Now he is learning to die. Griffiths, who is 76, has been diagnosed with Stage 4 metastatic colon cancer. It’s a diagnosis, in all likelihood terminal, that for him has brought forth transcendently positive feelings about existence and what he calls the great mystery of consciousness. “We all know that we’re terminal,” says Griffiths, who since being diagnosed has established an endowment at Johns Hopkins to study psychedelics and their potential for increasing human flourishing. “So I believe that in principle we shouldn’t need this Stage 4 cancer diagnosis to awaken. I’m excited to communicate, to shake the bars and tell people, ‘Come on, let’s wake up!’ ”
...
In spite of that, life has been more beautiful, more wonderful than ever. When I first got that diagnosis, because I work out regularly, I watch my diet, I sleep well, this came out of left field. There was this period in which it felt like I was going to wake up and say, “Boy, that was” — to put it in psychedelic language — “a bummer, a bad dream.” But soon after that I started to contemplate the different psychological states that would be naturally forthcoming with a diagnosis like mine: depression, anxiety, denial, anger, or adopting some belief system of religious outcomes, which as a scientist I was not cut out to do. I went through those, exploring what life would be like if I inhabited those reactions, and I quickly concluded that that was not a wise way to live. I have a long-term meditation practice (Griffiths practices Vipassana meditation) and the focus there is on the nature of mind, of consciousness, and one comes to see that thoughts, emotions, are transient. They’re appearances of mind that you needn’t identify with. That practice — and some experience with psychedelics — was incredibly useful because what I recognized is that the best way to be with this diagnosis was to practice gratitude for the preciousness of our lives. Grasping for the cure wasn’t useful.

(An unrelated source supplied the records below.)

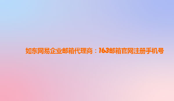 2024-03-08網易企業郵箱代理商:163郵箱官網注冊手機號 作為網易企業郵箱的代理商,我們了解到注冊手機號對于如東網易企業郵箱的重要性。通過手機號注冊賬號,可以幫助企業更好地管理郵箱賬戶,提高安全性和便利性。 優勢一:...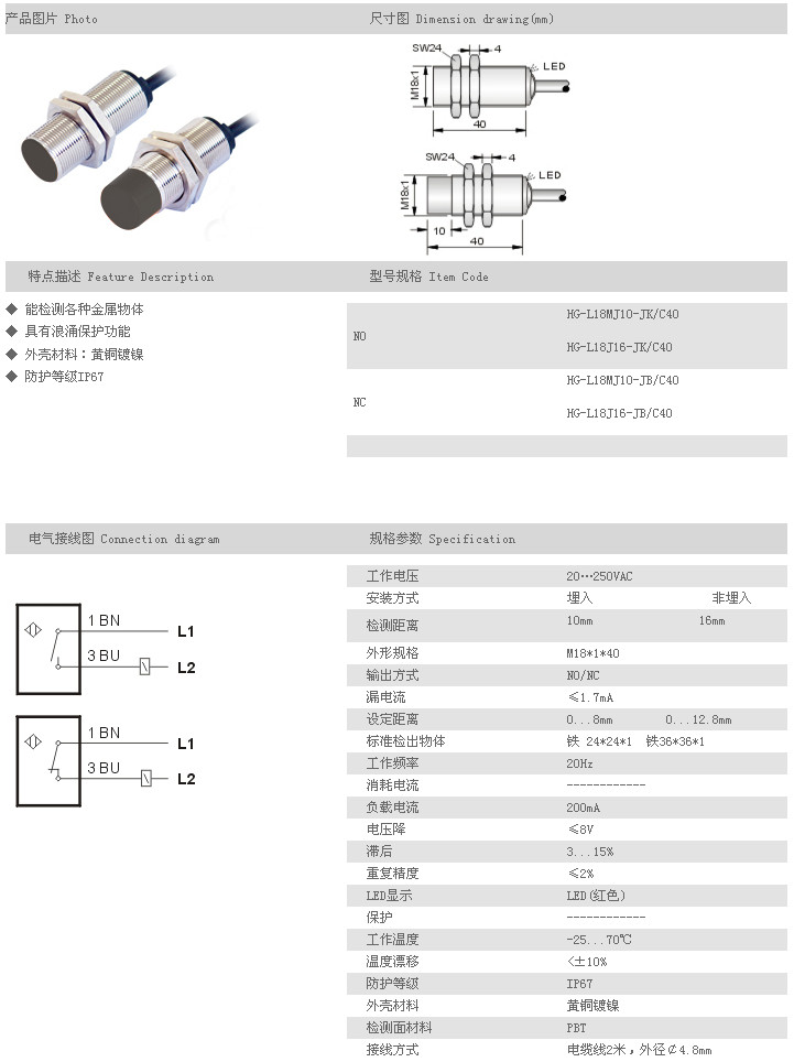 遠距離型接近開關 HG-L18MJ10-JK/C40,HG-L18J16-JK/C40,HG-L18MJ10-JB/C40,HG-L18J16-JB/C40,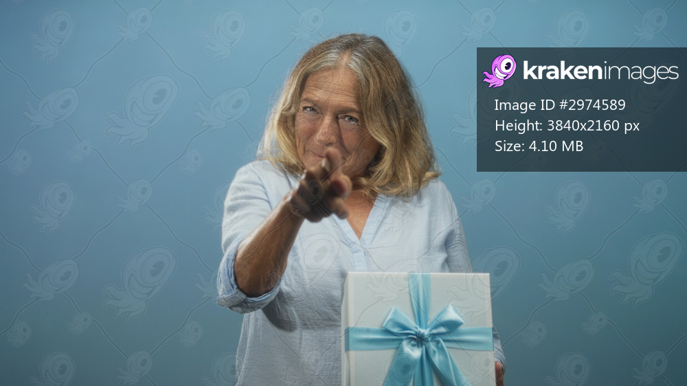 Senior woman with hand on hip points finger while holding wrapped gift box with blue ribbon at waist in studio; confidence celebration.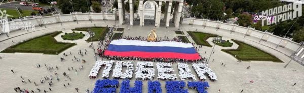🇷🇺 В этот день в Москве более 5 тысяч активистов Волонтёрской роты «БОЕВОГО БРАТСТВА» и «Молодой Гвардии» от «Единой России» выстроили огромный триколор и фразу: «Победа будет за нами».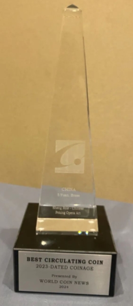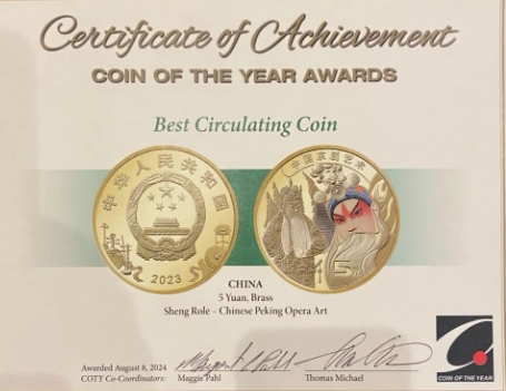 2024年8月9日凌晨(美国芝加哥时间8月8日中午),第41届世界硬币大奖评选结果公布并颁奖。中国京剧艺术(生)普通纪念币荣获“最佳流通币”大奖。世界硬币大奖(克劳斯)是世界上规格最高、影响范围最大的硬币评选活动,是硬币领域最高荣誉。本次获奖充分展现了我国日益发展的、与国家实力相匹配的钱币设计水平、工艺技术与制造能力。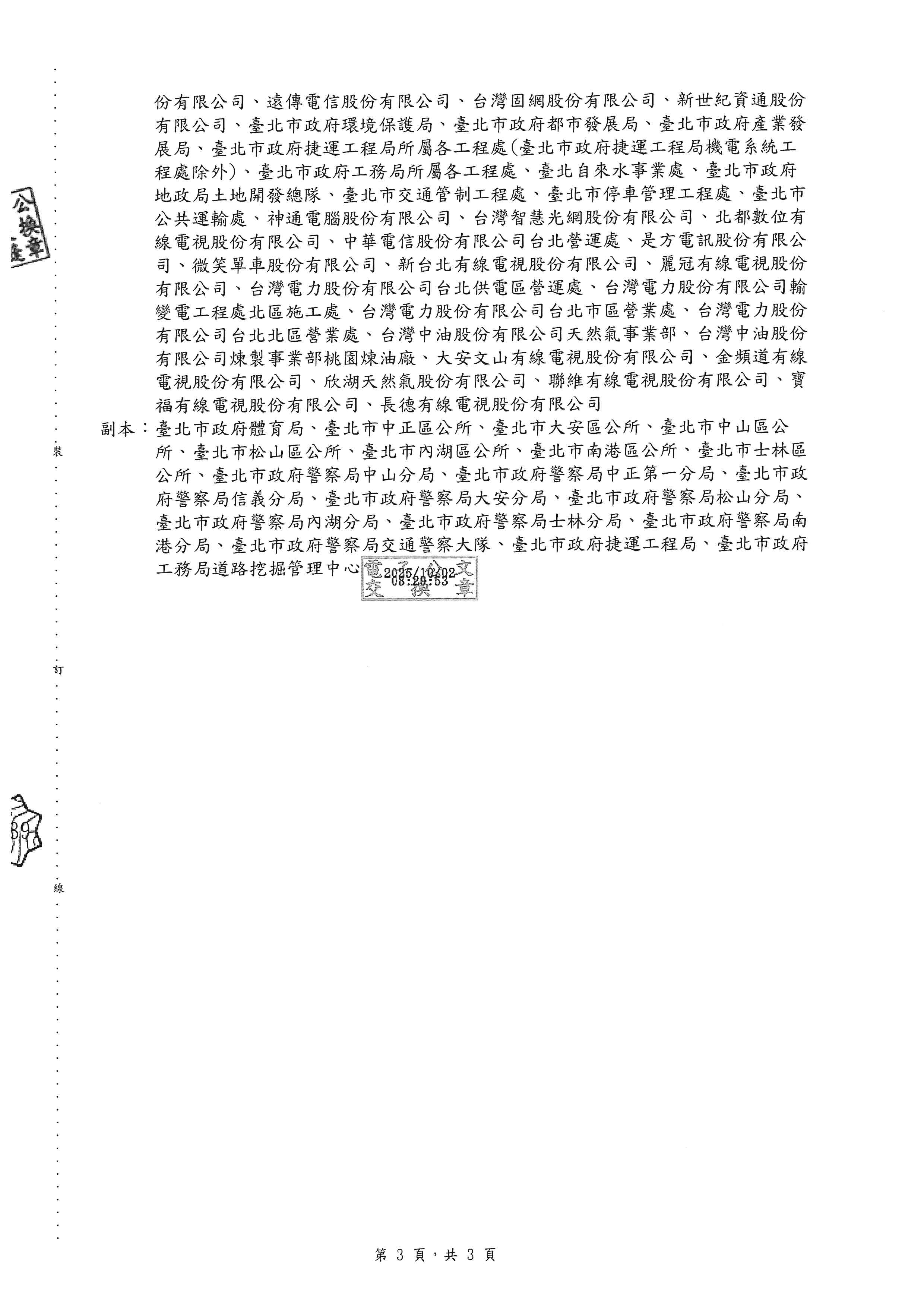 臺北市政府都市發展局轉知114年度第3季施工中建築工地總檢查,自114年10月13日至114年10月23日實施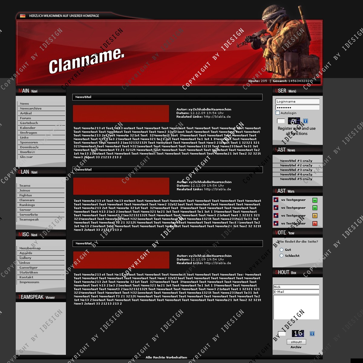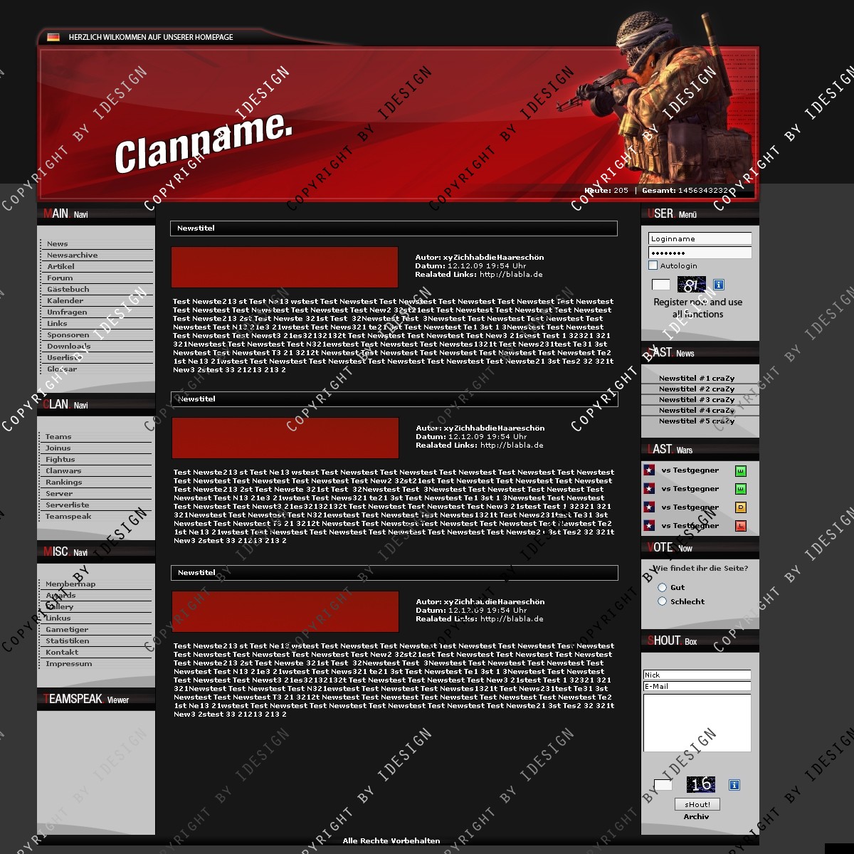 Du hast noch keinen Account auf ClanDesigns.de? Dann kannst du dich hier kostenlos registrieren!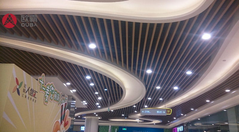 安裝不同的鋁方通是都可以選擇不同的高度和間距,可一高一低,一疏一密,加上合理的顏色搭配,令設(shè)計(jì)千變?nèi)f化,能夠設(shè)計(jì)出不同的裝飾效果。同時(shí),由于鋁方通是通透式的,可以把燈具,空調(diào)系統(tǒng),消防設(shè)備置于天花板內(nèi),以到達(dá)整體一致的的完美視覺效果。

You talk about your cancer almost as if it’s a gift. Does that mean you don’t have regrets about what’s happening? My life has never been better! If I had a regret, it’s that I didn’t wake up as much as I have without a cancer diagnosis. It’s been incredible. There have been so many positive things: my relationship with my children, my grandchildren, my siblings, my wife.
...
So I did a session with a psychedelic4(He used LSD) and went into that explicitly asking a couple of questions. First, asking myself, “Is there something I am not dealing with?” The answer came back: “No, the joy you’re experiencing is great. This is how it should be.” Then I asked a question directly of the cancer. I’m hesitant to talk about it because it’s reifying the cancer as “other,” and I don’t hold that the cancer is some “other” with which I can have a dialogue. But as a metaphor, it’s an interesting way to probe that question. So I asked the cancer: “What are you doing here? What can you tell me about what’s going on?” I got nothing back. Then I wanted to humanize it, and I said: “I really respect you. I talk about you as a blessing. I have had this astonishing sense of well-being and gratitude, despite everything that’s happening, and so I want to thank you. This process, is it going to kill me?” The answer was, “Yes, you will die, but everything is absolutely perfect; there’s meaning and purpose to this that goes beyond your understanding, but how you’re managing that is exactly how you should manage it.” So then I said: “OK, there’s purpose and meaning. I’m not ungrateful for the opportunity, but how about giving me more time?” [Laughs.] I got no response to that. But that’s OK.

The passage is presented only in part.